Escândalo da carne e corrupção endêmica
 
            Querem maquiar a carne imprópria para o consumo humano ou esconder a parte podre da corrupção endêmica que ameaça a democracia brasileira? O pior cenário é aquele em que essas duas alternativas estejam acontecendo. A operação deflagrada nos últimos dias, pela Polícia Federal e Ministério Público, envolvendo prisões e interdição de frigoríficos, pode sim conter exageros. Se esse for o caso, seus autores devem ser responsabilizados nos tribunais. Mas, é bom lembrar de que não se faz política com o fígado e que também não devemos consumir vísceras contaminadas com hormônio. As autoridades mais gradas deveriam, no mínimo, pedir desculpas aos milhões de cidadãos que os elegeram e sustentam seus salários e cargos vitalícios.

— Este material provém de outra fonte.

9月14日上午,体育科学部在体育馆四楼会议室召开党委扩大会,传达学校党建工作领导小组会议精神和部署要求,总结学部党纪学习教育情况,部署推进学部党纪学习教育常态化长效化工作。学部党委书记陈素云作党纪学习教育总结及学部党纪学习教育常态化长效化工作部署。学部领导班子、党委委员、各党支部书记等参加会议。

            Pelo contrário, está anunciado que haverá suculento almoço em churrascaria de luxo, com a participação políticos e diplomatas. Certamente, não será servida carne com papelão e nem linguiça fabricada com carne de cabeça. Um empresário quer tirar o papelão de dentro dos embutidos fabricados com carne adulterada, dizendo que a conversa gravada fazia referência “apenas” à embalagem e não ao conteúdo. É bom ficar atento com essa questão, porque o consumidor poderá ser enrolado nessa história de embalagem. É uma questão gravíssima, caso tenha ou não ocorrido exagero. O setor produtivo poderá sofrer impactos a médio prazo, caso tenha ou não substância cancerígena na carne.

            É difícil acreditar no discurso que tenta minimizar a gravidade do problema, pois as marcas mais famosas são mencionadas. A estratégia de algumas delas é contratar atores peludos ou atrizes charmosas para dizer que seus produtos são puríssimos. Até mesmo no espaço existente nos noticiários televisivos, direito de resposta garantido por lei, o discurso das empresas se reduz a falar da suposta qualidade de seus produtos, ao invés de responderem às denúncias, aproveitam para fazer propaganda.

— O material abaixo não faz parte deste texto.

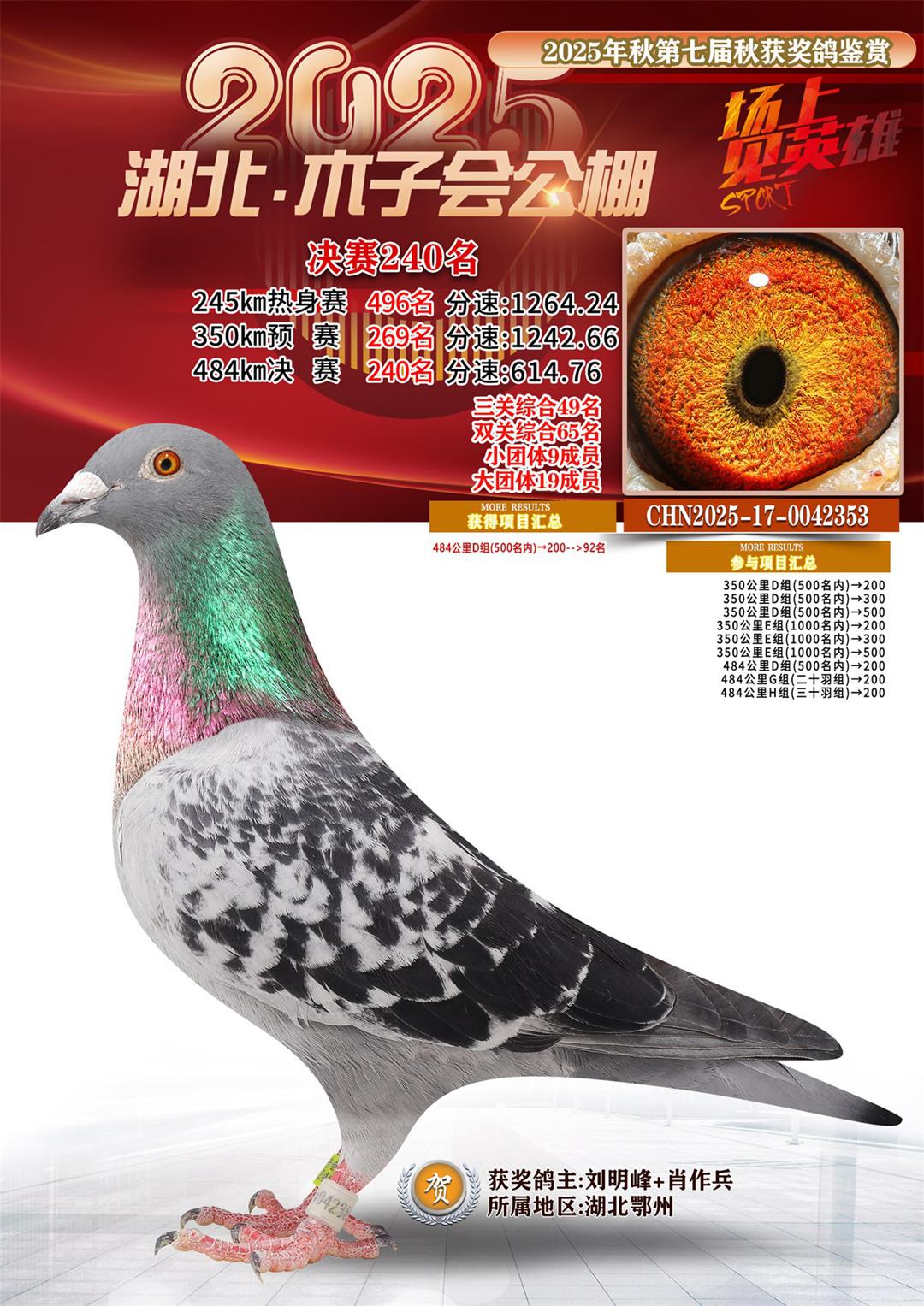 湖北省木子会公棚2025决赛240名刘明峰+肖作兵17-0042353湖北鄂州获奖鸽展示!
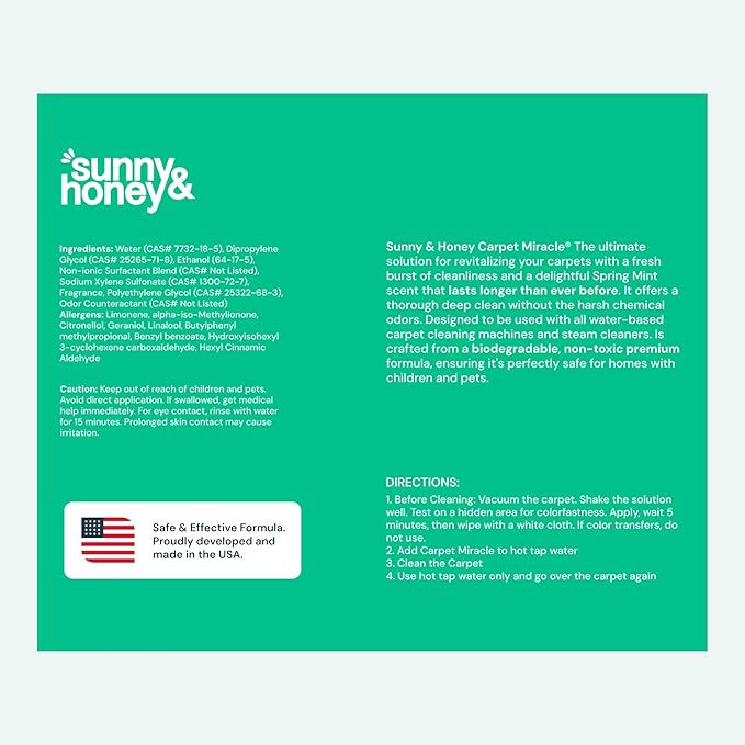 - Sunny & Honey Magic: Meet Sunny & Honey Carpet Miracle, your go-to carpet cleaner solution that works wonders on any carpet shampooer. This pet carpet cleaner solution leaves your home smelling minty fresh and looking spotless
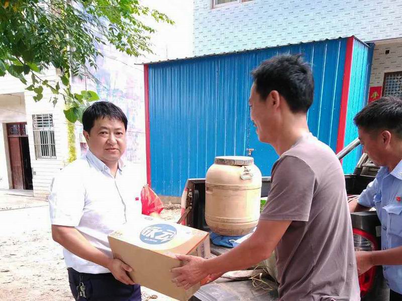 714上午,华阳河三场居民蔡琪将购买的矿泉水、西瓜、肉食及饮料等送上江堤,慰问三场责任段防汛人员,在这骄阳似火、酷暑难耐的炎夏,送来了阵阵清凉
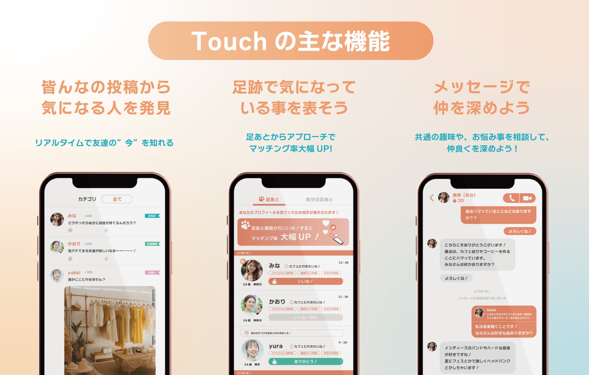 最新Z世代の友達作りはアプリ!?女性限定アプリTouch(タッチ)がマッチング数100万回を突破!
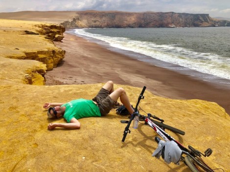 We spent the next day cycling through Paracas National Park. There are lots of bikes for rent in town for about $6/day, although the bikes are pretty rusty and beat up. After testing out a few, we found a couple that at least had working breaks and a few functioning gears. The shop gave us a map showing the common loop bicycles take, with the points of interest along the way.

            O escândalo está diretamente relacionado ao sistema endêmico de corrupção que assola parte expressiva dos grandes partidos que governaram o País, nas últimas duas décadas. Essa relação aparece quando se defende, por exemplo, anistia para o crime de caixa dois, perdão para quem recebeu propina junto com doação legalizada ou na tentativa de aprovar a chamada “lista fechada” de candidatos a deputados. Tirar o nome da cédula eleitoral, agora, é tentar oficializar a volta ao tempo do coronelismo.

            Querem usar, até mesmo, estatística para esconder a gravidade do problema, anunciando que são apenas 21 unidades frigoríficas envolvidas e que somente seis delas exportaram nos últimos dois meses. São apenas 33 fiscais investigados, no honrado universo de funcionários do Ministério da Agricultura. Novamente, equivocam ao usar números para tentar minimizar a gravidade do problema. De novo, tentam enrolar a Nação no papelão indigesto que nada tem a ver com o honrado setor produtivo, evolvendo o agronegócio que está ajudando a superação da grande crise do momento.

            É uma estratégia falaciosa porque escondem quantas mil toneladas de carne imprópria foram exportadas ou consumidas no mercado interno. O governo acaba de anunciar a criação de uma força-tarefa para correr atrás do prejuízo. Mas, as tarefas de estado são realizadas na eficiência do cotidiano e não basta fazer mutirões para enganar as aparências e fugir das causas fundamentais, encrustadas nas raízes da rede de corrupção endêmica que ameaça a democracia brasileira.